Personal data processing policy

Approved by order by General Director of LLC Trey Legal

Moscow 2020

1. General provisions

List of terms and definitions:

Administrative and economic activities are internal processes aimed at ensuring the ongoing provision of LLC Trey Legal’s activities with goods and material values (procurement of stationery, office equipment, consumables, household goods, communications services, etc.); to organize paperwork (maintaining archives, libraries, databases); to organize the operation of buildings, premises, territories (maintenance, cleaning, decoration and repair of premises); to organization of the workflow; to organization of financial and accounting services.

LLC Trey Legal LLC (hereinafter — Trey Legal) is a law firm that processes personal data and that determines the aims of the processing of personal data, the contents of personal data to be processed, and actions committed with personal data.

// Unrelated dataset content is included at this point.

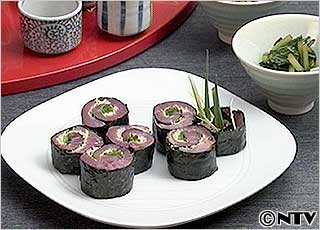 (1)巻きすの上にのりを広げ、青じそを3枚ずつ2段に並べる。
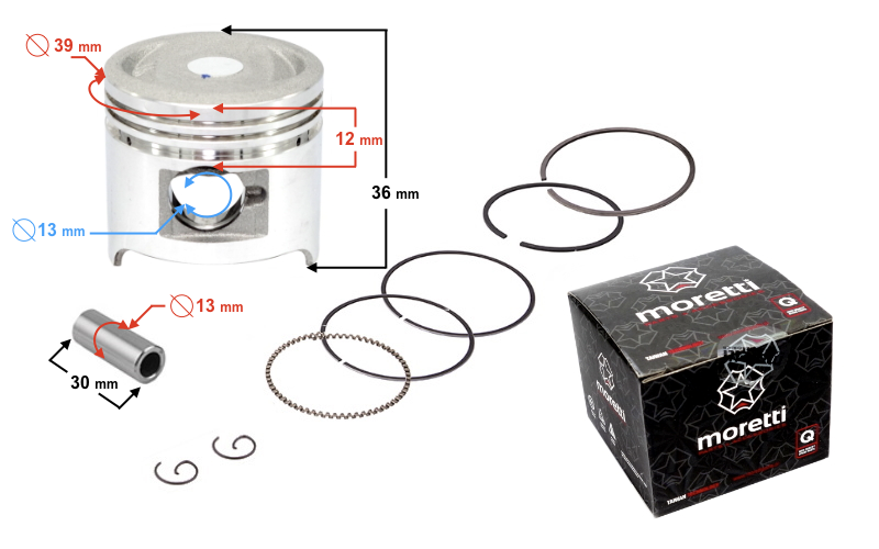 Tłok 50cc do motoroweru 4T. Produkt dobrej jakości marki Moretti.

Close relatives — are relatives in a straight ascending and downward line (parents and children, grandparents and grandchildren), full-born and incomplete (having common father or mother) brothers and sisters.

A candidate is an individual applying for a vacant position at Trey Legal, whose personal data were accepted by Trey Legal.

A client is a Russian or international legal entity, an individual entrepreneur, as well as an individual having a private practice, who has concluded or intends to enter into a service contract with Trey Legal.

Processing personal data is any action (operation) or a set of actions (operations) committed by using or without the use of means of automatization with personal data, including the collection, recording, systemization, accumulation, storage, refinement (update, modification), extraction, use, transmission (dissimilation, providing access), depersonalization, blocking, deletion and destruction of personal data.

Within the framework of the Federal Law as of 27.07.2006 No. 152-Fz "On Personal Data" the following definitions are established:

Blocking personal data is a temporary halt to the processing of personal data (except if processing is necessary to clarify personal data).

The depersonalization of personal data is an action that makes it impossible to determine the identity of personal data to a particular subject without the use of additional information.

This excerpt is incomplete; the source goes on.